Take a 20 per cent fall in average home prices from the present £197,000 to £158,000 over three years. That might sound cataclysmic, but it is not a particularly extreme outcome. Such a fall would bring prices back to levels of two years ago and would still leave the ratio between prices and earnings stretched by historic standards. But what would be the best path for such a fall? What would be optimal - or least damaging, anyway - for the wider economy? Is it better that prices should slide gently but continuously for three years? Or would a quicker and deeper plunge in year one, followed by two years of stability or even gently rising prices from a new lower base, be better?
It is a question that hasn't really been addressed. It is becoming more pressing, though, as the market turns. Figures yesterday from the Royal Institution of Chartered Surveyors show how quickly sentiment is souring.
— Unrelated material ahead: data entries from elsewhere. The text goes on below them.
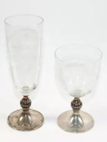 Schwäbisch Gmünd. Satz von 6 Champagnerkelchen u. 8 Süssweingläsern. Alle mit fein gravierter Kuppa. Füsse in massiv 925 Silber. Guter Zust.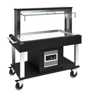 Our trolleys for dessert and cheese are designed in shape and size for an attractive and spectacular display service, which arouses the interest of the guest. Large transparent roll top covers of excellent quality allow a perfect view.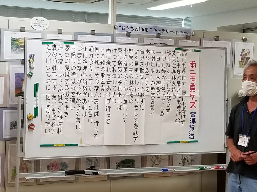 「雨ニモ負ケズ 宮澤賢治」この詩を皆で声を揃えて読みました。久しぶりに読んだ私ですが、何か心にジーンとくるものがありました。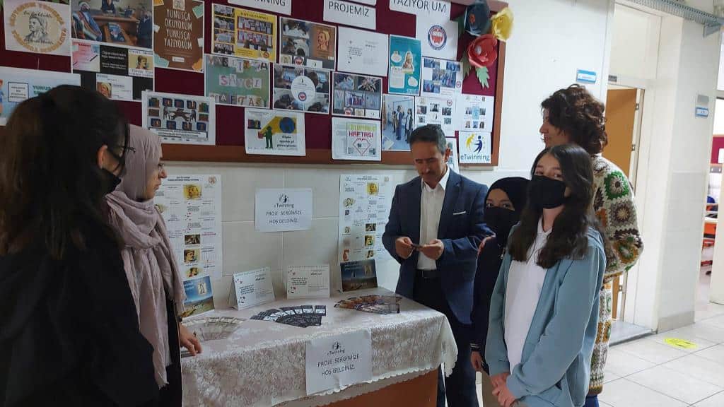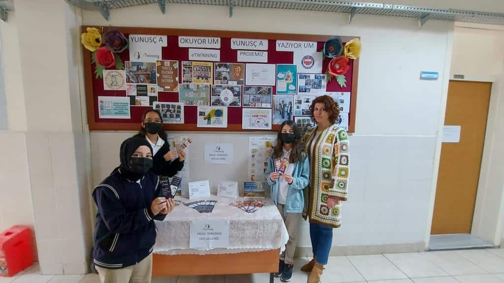 Öğrencilerimiz sorumlu öğretmenleri Emel Can ile birlikte sene boyunca hazırladıkları çalışmaları sergilediler. Öğrencilerimizce ortak okullarla iş birliği halinde tasarlanan"Yunus Emre" temalı kitap ayraçları, masa ve duvar takvimleri büyük ilgi gördü.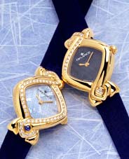 timepieces in gold, with blue satin bracelets.

A very significant majority of estate agents are reporting falling prices. The volume of transactions is sliding, buyer inquiries are dwindling, while the stock of properties languishing unsold is rising.
It's not all doom and gloom. Sound demographics and supply constraints still provide underpinning. Taylor Wimpey said yesterday that while this spring would be subdued, the medium-term outlook was promising.
Conventional wisdom has it that a prolonged and gentle slide in prices would be preferable to a more sudden jolt. The latter would be too much of a shock, making people feel poorer and leading to a collapse in consumer spending, which accounts for two thirds of the economy. A sharp economic slowdown, a recession even, would be inevitable. Yet the former looks no picnic either. A prolonged period of shrinking wealth levels could be more painful still and ultimately lead to more economic damage. Employers might weather a short-lived shock without slashing jobs and pulling capital expenditure plans. Several grinding years of slow or no economic growth, however, could be worse for business confidence overall.
Given the choice between pain today and pain tomorrow, ministers, business leaders and consumers will usually opt for the latter. However, classical economics suggests that the quicker prices adjust to a new equilibrium, the better for efficiency, not to mention the millions of first-time buyers currently priced out of the market. A short, sharp shock might be the lesser of two evils. Just don't expect estate agents to agree.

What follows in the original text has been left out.